Note: The answer to this question is part of the model selection problem. To build models, we often start with many potential predictor variables. Which variables to retain in the model is a mixture of analytics and intuition. Many better and more sophisticated strategies exist, but one basic strategy is to initially retain predictor variables that are related to the response variable, and drop those that are not related.
Examine collinearity.
Collinearity
Tolerance VIF
x13 0.720 1.389
x17 0.792 1.263
x18 0.890 1.124
Although one of the feature correlations is high, collinearity as an issue is not present as each Tolerance is well above .2 (and each VIF well below 5).
Do a best subset regression to help select a parsimonious model.
Best Subset Regression Models
x13 x17 x18 R2adj X's
1 0 1 0.183 2
1 1 1 0.180 3
0 1 1 0.156 2
0 0 1 0.151 1
1 0 0 0.092 1
1 1 0 0.088 2
0 1 0 0.018 1
The subset regression analysis indicates that x17 is not needed in the model. In fact, adding it reduces \(R^2_{adj}\) by 0.003. The highest \(R^2_{adj}\) for Satisfaction is obtained with x13 and x18 as predictors, 0.183. Dropping x13 to a single predictor model lowers \(R^2_{adj}\) down to 0.151.

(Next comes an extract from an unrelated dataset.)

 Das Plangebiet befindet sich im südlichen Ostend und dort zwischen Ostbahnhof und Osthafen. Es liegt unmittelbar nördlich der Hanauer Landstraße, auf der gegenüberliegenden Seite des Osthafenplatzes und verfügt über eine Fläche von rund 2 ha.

Of the three predictor variables, only one is not significantly related to Satisfaction when holding the values of the remaining two variables constant: x17, or Has an attractive interior. Controlling for values of the other two variables, customers are apparently not interested in the attractiveness of the interior as they are to experience an enjoyable atmosphere and tasty food.

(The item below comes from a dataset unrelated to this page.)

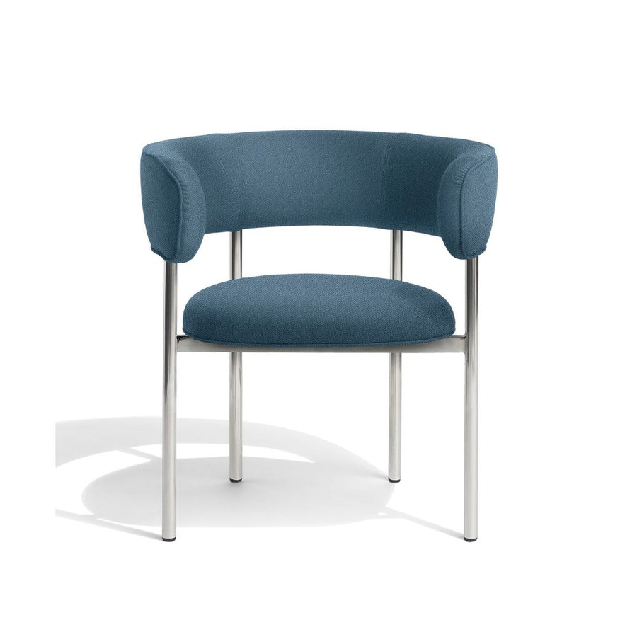 Møbel Copenhagen FONT Esszimmerstuhl m. Armlehne - Petrolblau/Polierter Stahlrahmen

How much variation is there of the residuals about the regression surface?
Model Fit
Standard deviation of residuals: 0.907 for 249 degrees of freedom
R-squared: 0.190 Adjusted R-squared: 0.180 PRESS R-squared: 0.159
Given the usual normal distribution of the residuals, the 95% range of variation of the residuals for the response variable is almost four, on a seven point scale. There is little confidence that any one particular value of the response variable for a given customer is close to the value consistent with the model, the fitted value. That is, the model does not appear to accurately predict the response variable.
The value of \(R^2=0.180\) is low, not far from zero. The model does not provide much predictive information using the three variables. The model does not do so much better at understanding the value of Satisfaction than does the null model, the mean of Satisfaction by itself. Still, Fun and Taste of the food appear to exert some influence on Satisfaction.
Consider these three predictor variables to predict satisfaction:
The analysis did not result in a strong understanding of the relationship of fun, attractiveness of the interior, and taste to customer satisfaction. However, there does appear to be some positive relationship between a fun atmosphere and the taste of the food to satisfaction with fun and taste held constant, so those aspects of the customer experience should be a focus for providing an experience that results in a satisfied customer who will provide repeat business. Still, other factors should also be investigated given that the obtained model does not have so much predictive power. Probably not worth investing much money in upgrading attractiveness, but good for management to be aware of the relationship.